Records supplied:
▶

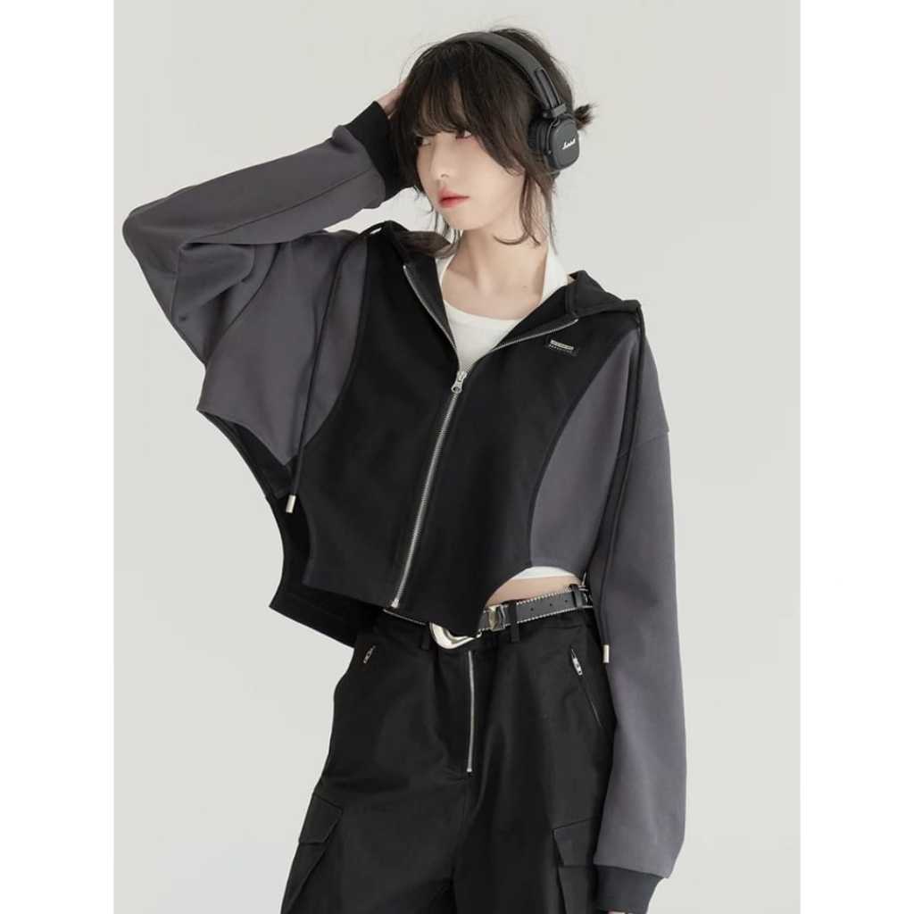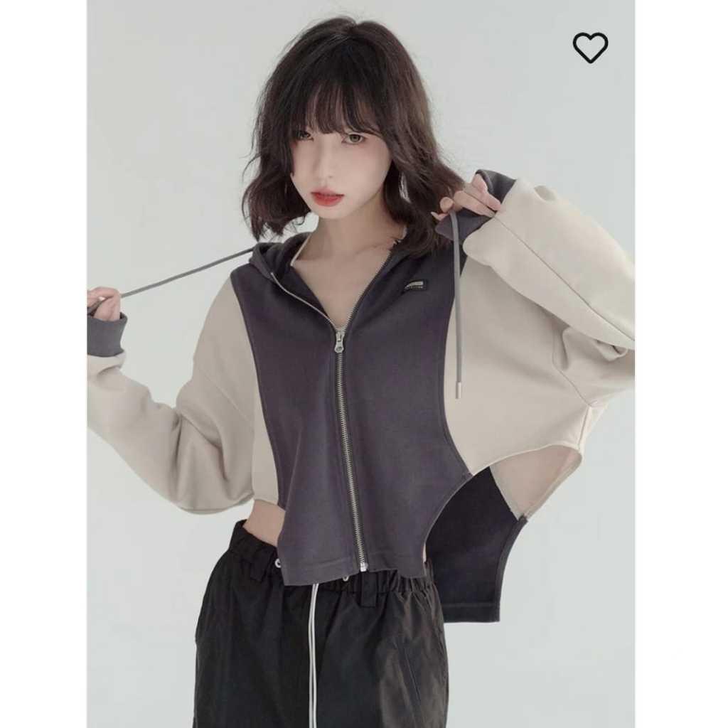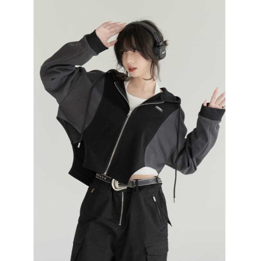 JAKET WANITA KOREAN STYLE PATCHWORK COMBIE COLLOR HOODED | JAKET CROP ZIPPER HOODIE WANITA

◀
▶

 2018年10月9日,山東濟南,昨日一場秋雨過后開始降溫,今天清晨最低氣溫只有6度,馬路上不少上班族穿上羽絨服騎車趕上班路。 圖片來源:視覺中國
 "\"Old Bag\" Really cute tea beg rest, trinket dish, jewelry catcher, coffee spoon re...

◀
▶

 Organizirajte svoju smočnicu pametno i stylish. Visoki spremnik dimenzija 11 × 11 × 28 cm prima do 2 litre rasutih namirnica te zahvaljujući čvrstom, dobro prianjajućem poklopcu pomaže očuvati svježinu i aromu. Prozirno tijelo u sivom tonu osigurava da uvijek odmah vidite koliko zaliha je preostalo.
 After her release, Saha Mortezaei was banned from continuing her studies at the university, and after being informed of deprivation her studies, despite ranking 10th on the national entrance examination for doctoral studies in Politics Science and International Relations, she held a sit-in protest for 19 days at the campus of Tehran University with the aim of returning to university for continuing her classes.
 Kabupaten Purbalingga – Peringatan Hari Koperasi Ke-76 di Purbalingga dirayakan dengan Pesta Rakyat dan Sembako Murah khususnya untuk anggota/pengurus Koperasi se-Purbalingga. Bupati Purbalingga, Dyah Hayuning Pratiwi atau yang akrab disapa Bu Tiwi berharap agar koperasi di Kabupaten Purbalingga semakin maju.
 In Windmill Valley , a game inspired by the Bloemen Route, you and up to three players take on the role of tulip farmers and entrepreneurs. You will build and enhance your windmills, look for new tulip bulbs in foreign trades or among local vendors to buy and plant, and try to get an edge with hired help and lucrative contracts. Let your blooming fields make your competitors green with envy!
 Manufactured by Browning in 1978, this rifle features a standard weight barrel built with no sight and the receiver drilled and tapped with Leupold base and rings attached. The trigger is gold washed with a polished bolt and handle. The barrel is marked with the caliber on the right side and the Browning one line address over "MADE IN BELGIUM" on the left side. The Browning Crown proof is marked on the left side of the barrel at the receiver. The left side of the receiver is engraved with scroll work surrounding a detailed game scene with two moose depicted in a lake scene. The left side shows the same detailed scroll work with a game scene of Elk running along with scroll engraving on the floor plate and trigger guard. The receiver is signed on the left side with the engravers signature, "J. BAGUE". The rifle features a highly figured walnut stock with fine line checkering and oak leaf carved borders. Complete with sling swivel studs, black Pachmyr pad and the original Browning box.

◀

Wherever the line holding "Organizirajte svoju smočnicu" falls in the entries above, copy exactly from it through the line holding "After her release, Saha", inclusive, and add nothing.

Your solution:
 Organizirajte svoju smočnicu pametno i stylish. Visoki spremnik dimenzija 11 × 11 × 28 cm prima do 2 litre rasutih namirnica te zahvaljujući čvrstom, dobro prianjajućem poklopcu pomaže očuvati svježinu i aromu. Prozirno tijelo u sivom tonu osigurava da uvijek odmah vidite koliko zaliha je preostalo.
 After her release, Saha Mortezaei was banned from continuing her studies at the university, and after being informed of deprivation her studies, despite ranking 10th on the national entrance examination for doctoral studies in Politics Science and International Relations, she held a sit-in protest for 19 days at the campus of Tehran University with the aim of returning to university for continuing her classes.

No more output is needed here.